Deep Dive: Delinquencies


David Knowles, SVP of disputes and collections operations at Velera and president of TriVerity, a Velera company.
David Knowles, SVP of disputes and collections operations at Velera and president of TriVerity, a Velera company.

"What we’re seeing in this month’s data is a reminder that delinquency trends don’t move in a straight line. Yes, overall delinquencies are up compared with a year ago, but the story underneath is more nuanced,” said David Knowles, SVP of disputes and collections operations at Velera and president of TriVerity, a Velera company, which offers a full-service first- and third-party collections solution built specifically for credit unions.


Since its last delinquency Deep Dive in February 2025, delinquencies have started trending upward after steadily declining for the first 10 months of last year. Overall credit card delinquencies for February 2025 were 2.66%, up 0.16% year-over-year. “This month’s performance was consistent with the upward trend in year-over-year delinquency rate growth observed over the last four months, in contrast with the previous ten months,” noted Velera in its report.


Additionally, Velera saw higher delinquency rates among younger age groups, as evidenced by the “notable increase” in the youngest generational segment (Younger Gen Z), up 10.67% year- -over-year to 13.69% in February 2026, up significantly from 3.02% in February 2025. The boomer-plus (oldest) population had the lowest delinquency rate for February 2025 at 1.63%.

 

While the year-over-year change in delinquencies was up 0.16%, the subprime credit score grouping (credit scores below 660) decreased 0.46% to 8.43% in February 2026, continuing the positive trend observed over the last year. In looking by generation over time, delinquency rates tend to decline as the population ages.


“Younger consumers are feeling the most strain, and lower income households continue to show sharper swings in both delinquencies and credit utilization,” Velera reported. “At the same time, subprime borrowers have been remarkably steady — something we wouldn’t have predicted a few years ago. Put together, it paints a picture of a consumer landscape that’s still adjusting to higher costs and shifting financial cushions, with very different experiences depending on age and income.”

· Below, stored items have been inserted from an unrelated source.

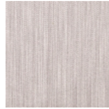
1682-14 VERTIGE - PERLE
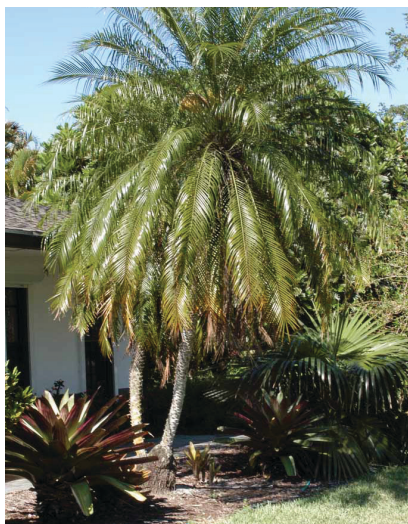
Figure 1. Pygmy date palm

The pygmy date palm is one of the most popular small landscape palms in Florida. It is single-stemmed, but is often grown as clumps of 2–4 closely spaced individuals which, when older, give the impression of a multi-stemmed palm (Figure 1). It grows to a height of about 12 ft, with a spread of 6–8 ft. The feather-shaped (pinnate) leaves have slender petioles and basal leaflets that are modified into sharp 2–3 inch long spines. The slender, often crooked trunk varies in width from 3–6 inches and is covered with distinctive peg-like leaf bases (Figure 2). Older specimens will have a large mass of aerial root initials at the base of the trunk. Cream-colored male and female flowers are found on separate trees (dioecious) in the spring that are followed by small elongated reddish-brown fruits that turn black upon ripening.
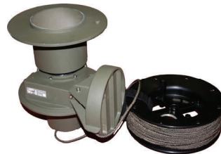
Electrical or manual positioner
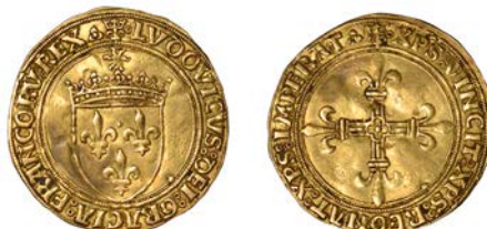
1072 Louis XII , Écu d'or au soleil, Lyon, 3.42g/4h (Dup. 647; Gad. 161; F 323). Very fine £400-£500
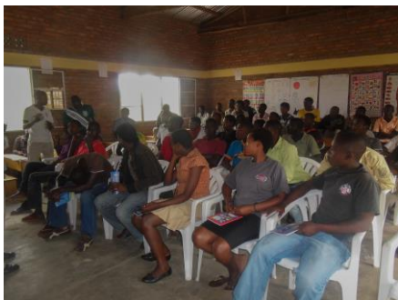
The CMM youth empowerment club

CMM youth empowerment club training held in Ntende village. This has made the youth more competent, they are now aware of their rights most of them are now able to claim their rights. Our youth became more aware of their responsibility in reaching their destiny
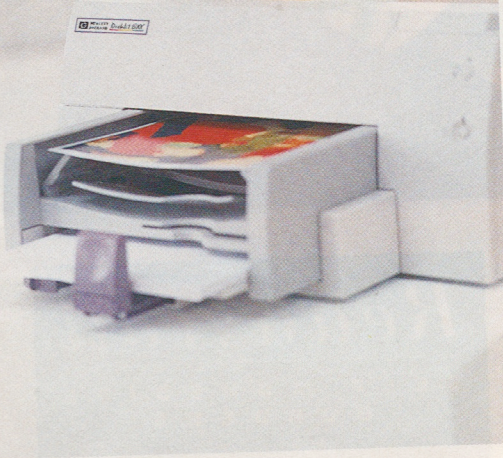
You can scan colour pictures via Pavilion's unique PhotoDrive and print them off in full technicolour on Hewlett-Packard's DeskJet 690C Printer

The Pavilion PC range, priced from £1,299, is available at leading computer retail stores, including Byte, PC World and John Lewis.
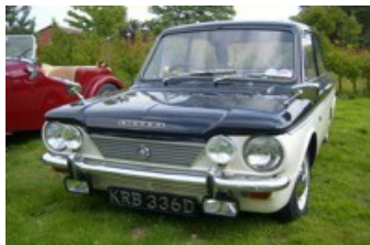
1964-1970 - Chamois Mk 1 & 2
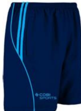
School Shorts (available from COBI Sports) (available from COBI Sports)
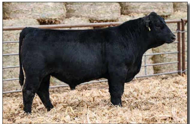
M04 Sells as Lot 27.

A five-eighths percentage bull with great calving ease and birth EPD's. A lot to like here.
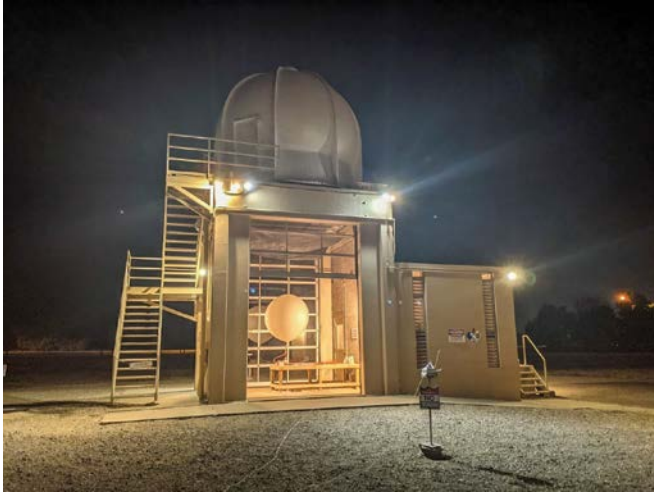
At the upper air inflation building at the National Weather Service in Bismarck, the balloon is inside the building, with the string coming out along the ground to the radiosonde (weather instrument) that is on the post in the foreground.

C an you think of a season in North Dakota when the weather doesn't pose a significant threat to people and property? You may wonder whose job it is, other than the National Weather Service, to monitor and notify us, as residents, of those upcoming weather events.

What Should Credit Unions Do Now?


The Index recommended opportunities for credit unions such as:


Strengthen Collections to Better Manage Elevated Delinquencies

“As delinquency trends rise, especially among younger consumers, credit unions should prioritize modernizing their collections approach to enhance recovery and deepen member engagement,” suggests Velera. It recommends effective strategies include using multichannel outreach to maximize reach, personalizing communication by risk level and member segment, and adopting smarter technology to prioritize accounts and streamline resolution. “By combining tailored outreach, digital-first engagement and advanced analytics, credit unions can better manage elevated delinquencies while delivering a more supportive and efficient member experience.”


Outsource Delinquency Management to Improve Efficiency and Reduce Risk

“With increased pressure on internal staffing, training and technology resources, outsourcing delinquency management can help credit unions reduce operational burden, mitigate risk and ensure members receive professional, compliant and empathetic support.”


Boost Cardholder Engagement with Targeted Summer Usage Campaigns

“Velera’s targeted usage campaigns provide credit unions with an efficient, data driven way to influence member spending during key seasonal moments, most notably during summer travel season and Amazon’s peak July shopping period.”